From the FBI to local police departments, law-enforcement agencies have dramatically shifted their emphasis to counterterrorism over the past decade, gathering intelligence on both domestic and foreign extremist groups. The Bush and Obama administrations have created an enormous global apparatus designed to track and target terrorists.
But officials have always warned the United States cannot prevent every attempted strike on U.S. soil. In some recent plots, authorities have benefited as much from luck as investigative skill.
The last mass terrorist killing on U.S. soil was carried out by Maj.

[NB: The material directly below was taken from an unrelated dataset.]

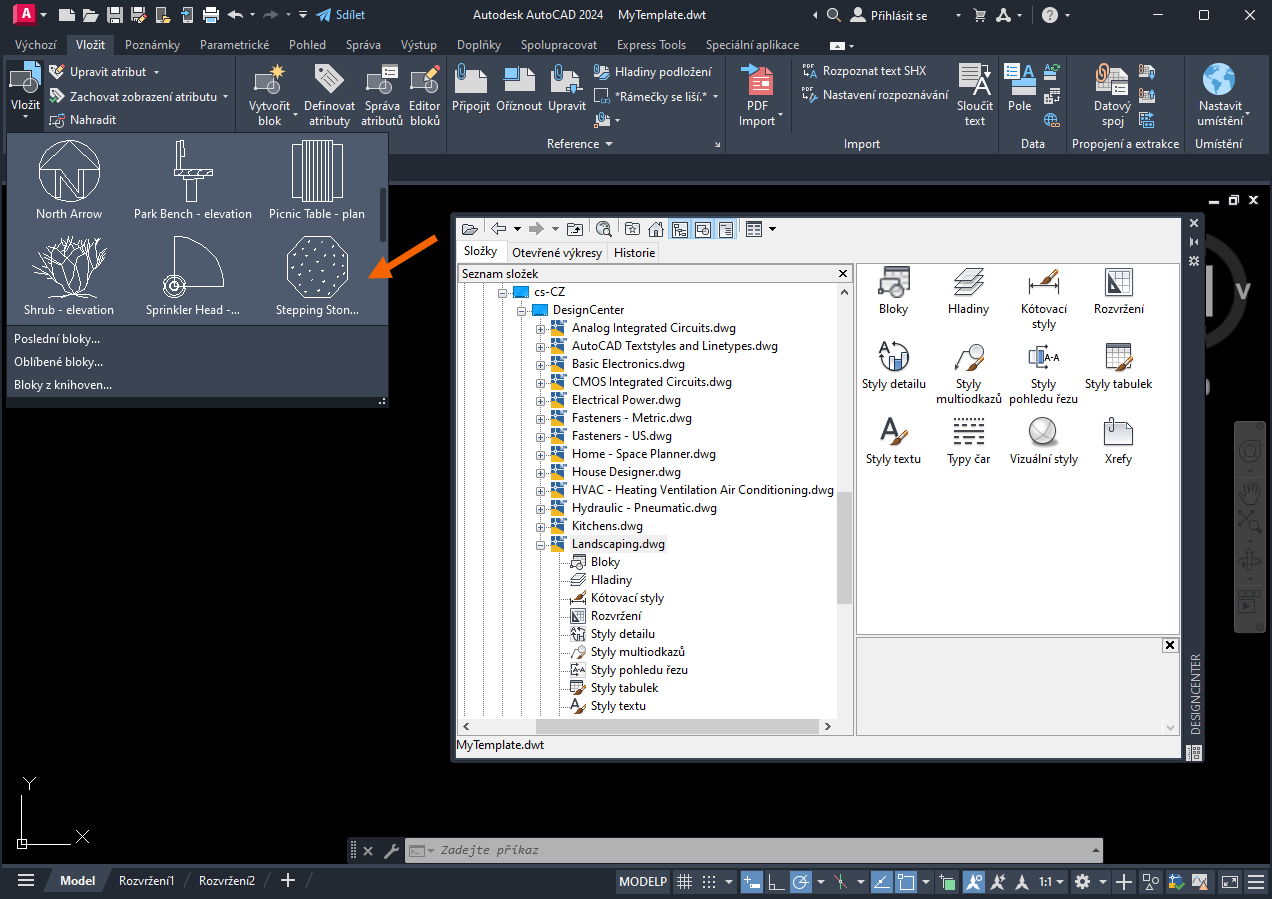 Nyní jsou v šabloně MyTemplate k dispozici pojmenované styly, bloky a nastavení výkresu, které jsou definovány v souboru Landscaping.dwg.

Nidal Hassan, an army psychiatrist, who fatally shot 13 people and wounded 30 more at Fort Hood, Texas, in November 2009. Hassan had connections to al-Qaida in the Arabian Peninsula and the American-born Islamic cleric Anwar al-Awlaki, who was later killed by a U.S. drone strike in Yemen.
But there have been a series of failed or foiled bomb plots since the Sept. 11 attacks.
Less than three months after airliners crashed into the World Trade Center and the Pentagon, Richard Reid tried to detonate a shoe filled with explosives on a flight from Miami to Paris.
Eight years later, Umar Farouk Abdulmutallab attempted to set off explosives in his underwear on a commercial flight near Detroit.
The bombs failed to detonate correctly in both cases.
In two other incidents, authorities were able to prevent bomb plots.
A September 2009 attempt to set off bombs in the New York City subway system by an al-Qaida associate was thwarted. And in May of the following year, Times Square in New York was evacuated after the discovery of a car bomb left by Faisal Shahzad, a dual citizen of Pakistan and the United States.
Monday’s attack evoked for many the wrenching scenes of Sept. 11, especially among those who witnessed the mid-afternoon explosions firsthand.
Charlotte Holler, 24, was working seven storeys above the scene in the Prudential Tower overlooking Boylston Street when she heard two thuds and felt the explosions rock the floor under her feet. For an instant, she thought that her building or something nearby was collapsing.